Scientists Identify Factors That Make People Naturally Resistant to H.I.V.

Studying key points on the H.I.V. virus that are weak to immune system attacks could lead to new treatments or H.I.V. vaccines

Scanning electron micrograph of HIV-1 (in green) budding from cultured lymphocyte (a type of white blood cell). Multiple round bumps on cell surface represent sites of assembly and budding of virions. CDC / C. Goldsmith / P. Feorino / E. L. Palmer / W. R. McManus

Developing an H.I.V. vaccine has been a perplexing challenge that has mostly resulted in failure, but now scientists have identified key factors that allow some people to naturally suppress the H.I.V. virus—work that could lead to better vaccines to both treat and prevent the infection. Researchers believe they have identified crucial points on the virus's surface where the immune system can successfully attack H.I.V.
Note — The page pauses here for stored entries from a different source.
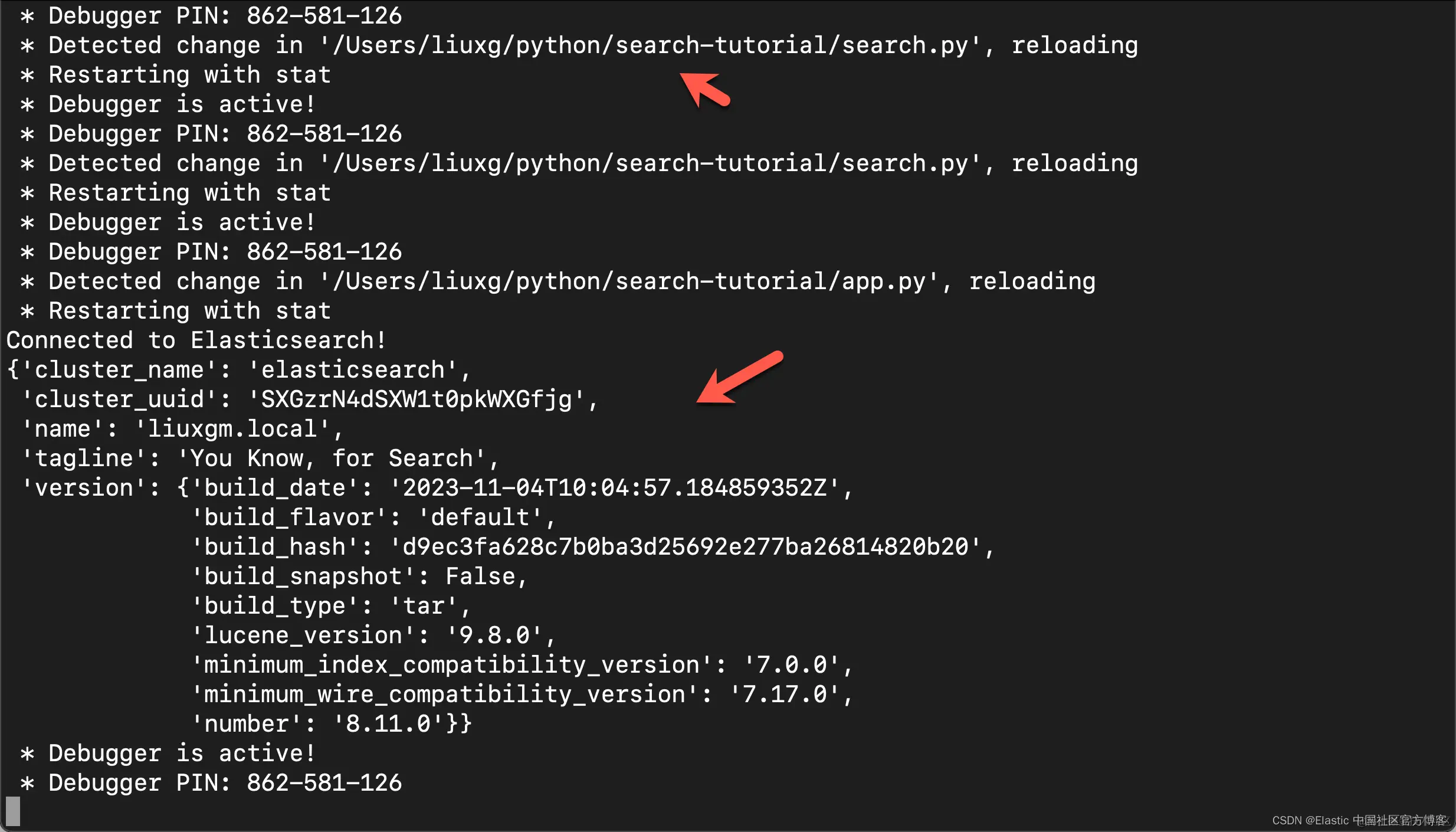 新版本端点第二行中对 es.search() 的调用会调用上面在 search.py 中添加的 search() 方法,该方法又调用 Elasticsearch 客户端的 search() 方法。
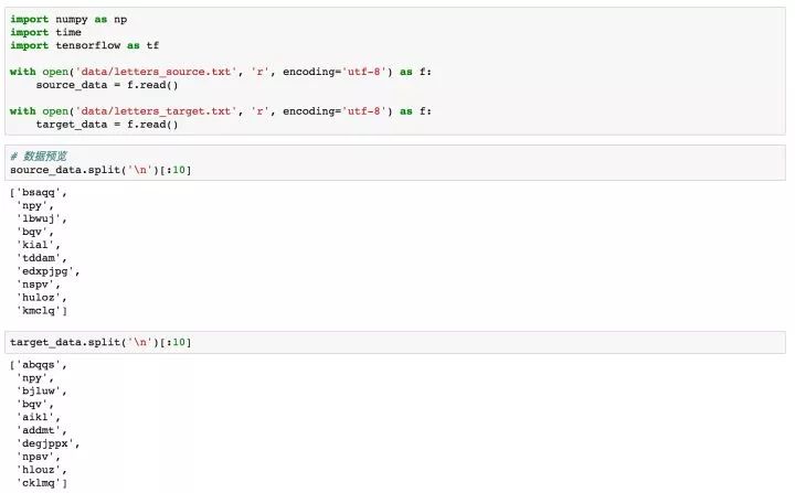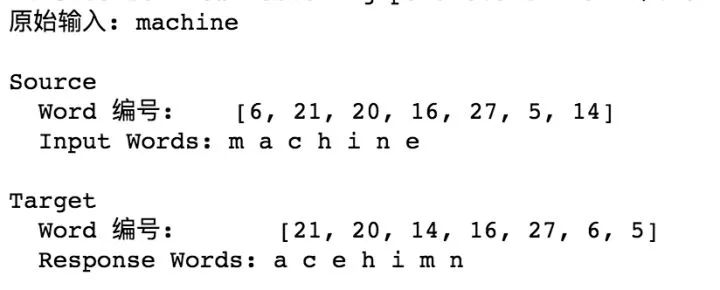 - target_data: 每一行是经过字母排序后的“单词”,它的每一行与source_data中每一行一一对应
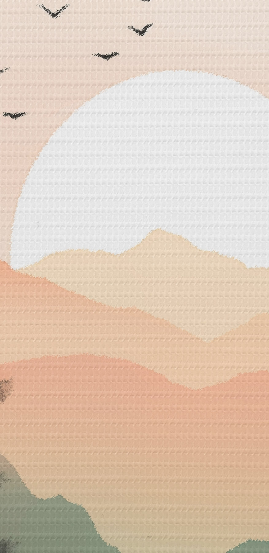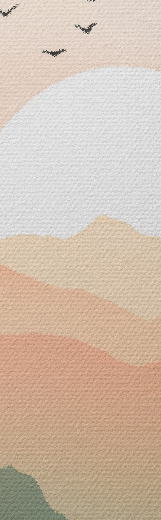 Image Coucher de soleil pastel sur un lac tranquille avec des collines lointaines et des oiseaux Nr r46508

The research, conducted by the Ragon Institute, a collaboration of various affiliates of Harvard University and the Massachusetts Institute of Technology (MIT), is presented in a new paper published in the journal Science. It builds on a study of two small groups of people who are naturally able to control the spread of H.I.V. much better than the average patient.

“What takes medicine forward is really learning from patients,” says Bruce Walker, director of the Ragon Institute and senior author of the study. “It's seeing something in the clinic that doesn't fit the usual pattern, like somebody who is doing really well despite being H.I.V. infected, that identifies the outliers that ultimately are so critical to explaining the whole disease process.”

One group called “viremic controllers,” less than five percent of those infected with H.I.V., are able to hold the virus in their blood to fewer than 2,000 copies per milliliter for many years, sometimes decades, without using antiretroviral drugs. “Elite controllers,” less than half of one percent of H.I.V. carriers, have even more potent immune control and are able to suppress the virus below the level of detection (50 copies per milliliter of blood) using the standard test for H.I.V. infection. (H.I.V. generally spreads rapidly, infecting and killing immune system cells and leaving a person increasingly vulnerable to common infections after about ten years without antiretroviral treatment.) Ragon has identified about 1,800 controllers over fifteen years of searching worldwide.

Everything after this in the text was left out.